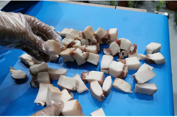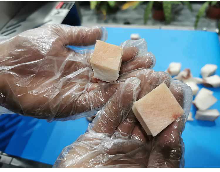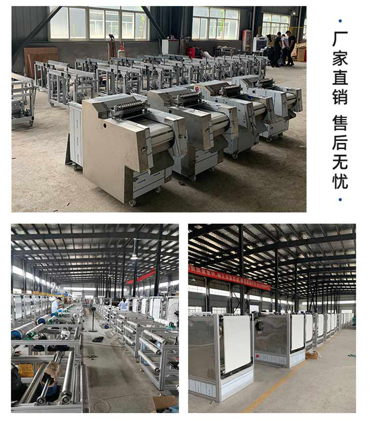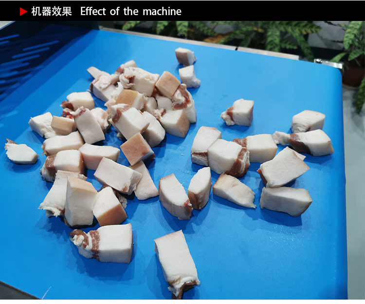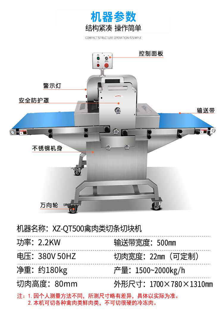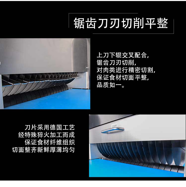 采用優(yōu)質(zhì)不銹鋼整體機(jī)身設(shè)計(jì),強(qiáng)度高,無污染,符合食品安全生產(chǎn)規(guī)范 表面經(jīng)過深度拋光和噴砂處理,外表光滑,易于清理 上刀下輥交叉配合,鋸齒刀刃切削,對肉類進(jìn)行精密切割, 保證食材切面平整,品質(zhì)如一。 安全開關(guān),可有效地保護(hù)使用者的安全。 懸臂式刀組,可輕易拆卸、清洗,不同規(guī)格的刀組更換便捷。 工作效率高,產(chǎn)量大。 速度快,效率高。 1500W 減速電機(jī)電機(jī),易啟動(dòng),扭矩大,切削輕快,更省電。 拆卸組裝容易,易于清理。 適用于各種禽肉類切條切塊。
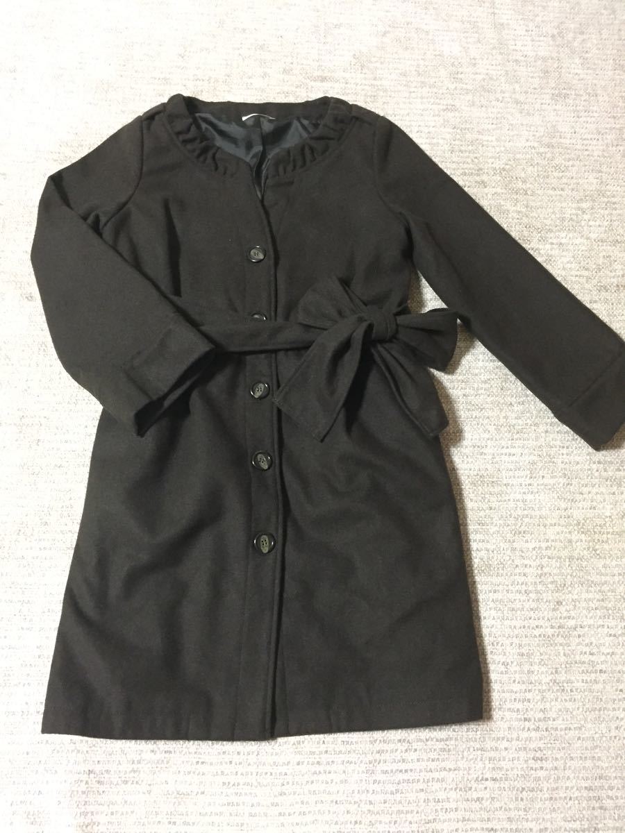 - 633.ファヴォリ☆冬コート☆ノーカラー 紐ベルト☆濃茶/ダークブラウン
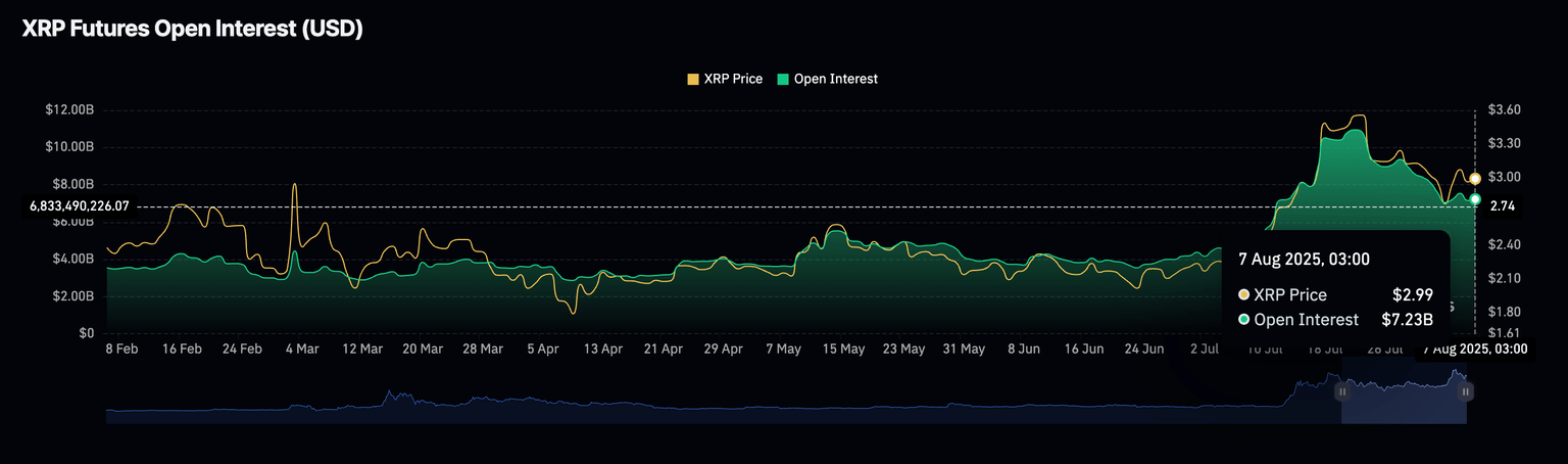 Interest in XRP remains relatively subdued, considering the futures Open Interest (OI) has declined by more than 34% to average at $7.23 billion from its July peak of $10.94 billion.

==

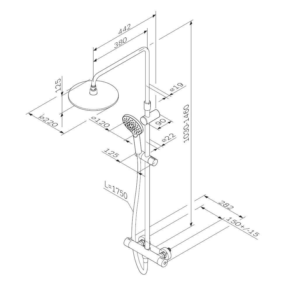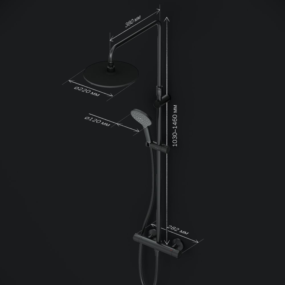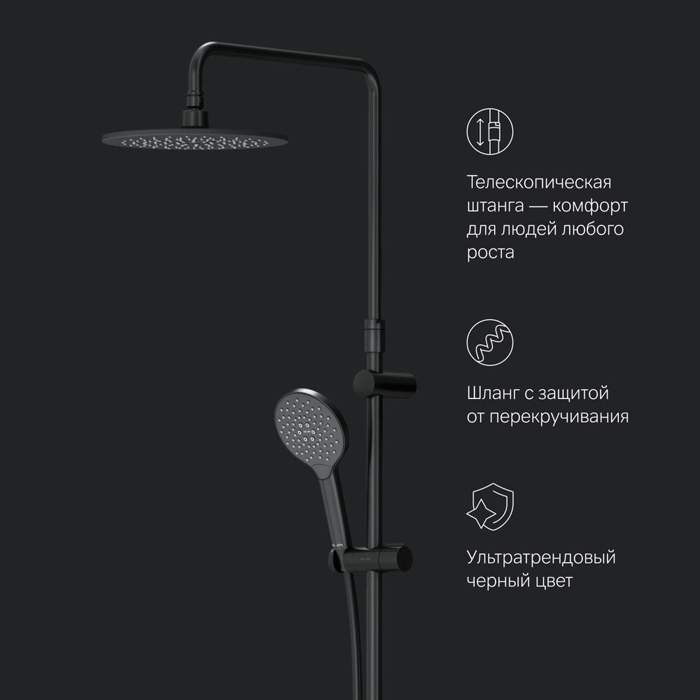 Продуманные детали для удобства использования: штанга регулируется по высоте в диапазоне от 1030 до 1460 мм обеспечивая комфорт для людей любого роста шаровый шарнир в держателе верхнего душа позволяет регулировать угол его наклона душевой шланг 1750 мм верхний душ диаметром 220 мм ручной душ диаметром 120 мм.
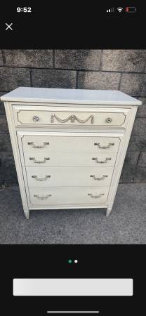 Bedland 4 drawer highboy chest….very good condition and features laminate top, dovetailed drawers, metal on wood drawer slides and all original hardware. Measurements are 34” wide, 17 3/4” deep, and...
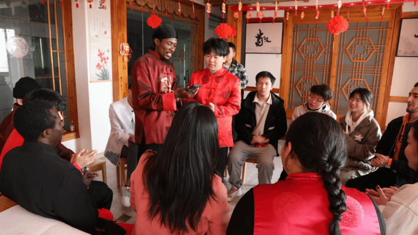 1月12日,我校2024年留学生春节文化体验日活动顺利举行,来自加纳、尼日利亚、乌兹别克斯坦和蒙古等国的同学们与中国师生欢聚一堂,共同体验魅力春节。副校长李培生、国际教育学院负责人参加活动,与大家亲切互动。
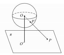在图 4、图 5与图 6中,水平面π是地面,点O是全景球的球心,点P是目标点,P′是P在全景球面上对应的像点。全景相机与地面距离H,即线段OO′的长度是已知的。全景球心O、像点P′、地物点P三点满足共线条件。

▶ **Exercise details**: In the entries above, find the line containing "懸臂式刀組,可輕易拆卸、清洗,不同規(guī)格的刀組更換便捷。 工作效率高,產(chǎn)量大。 速度快,效率高。" and the line containing "Interest in XRP"; give again exactly those two lines and every line between them, minus the pictures.

▶ **Response**:
 采用優(yōu)質(zhì)不銹鋼整體機(jī)身設(shè)計(jì),強(qiáng)度高,無污染,符合食品安全生產(chǎn)規(guī)范 表面經(jīng)過深度拋光和噴砂處理,外表光滑,易于清理 上刀下輥交叉配合,鋸齒刀刃切削,對肉類進(jìn)行精密切割, 保證食材切面平整,品質(zhì)如一。 安全開關(guān),可有效地保護(hù)使用者的安全。 懸臂式刀組,可輕易拆卸、清洗,不同規(guī)格的刀組更換便捷。 工作效率高,產(chǎn)量大。 速度快,效率高。 1500W 減速電機(jī)電機(jī),易啟動(dòng),扭矩大,切削輕快,更省電。 拆卸組裝容易,易于清理。 適用于各種禽肉類切條切塊。
 - 633.ファヴォリ☆冬コート☆ノーカラー 紐ベルト☆濃茶/ダークブラウン
 Interest in XRP remains relatively subdued, considering the futures Open Interest (OI) has declined by more than 34% to average at $7.23 billion from its July peak of $10.94 billion.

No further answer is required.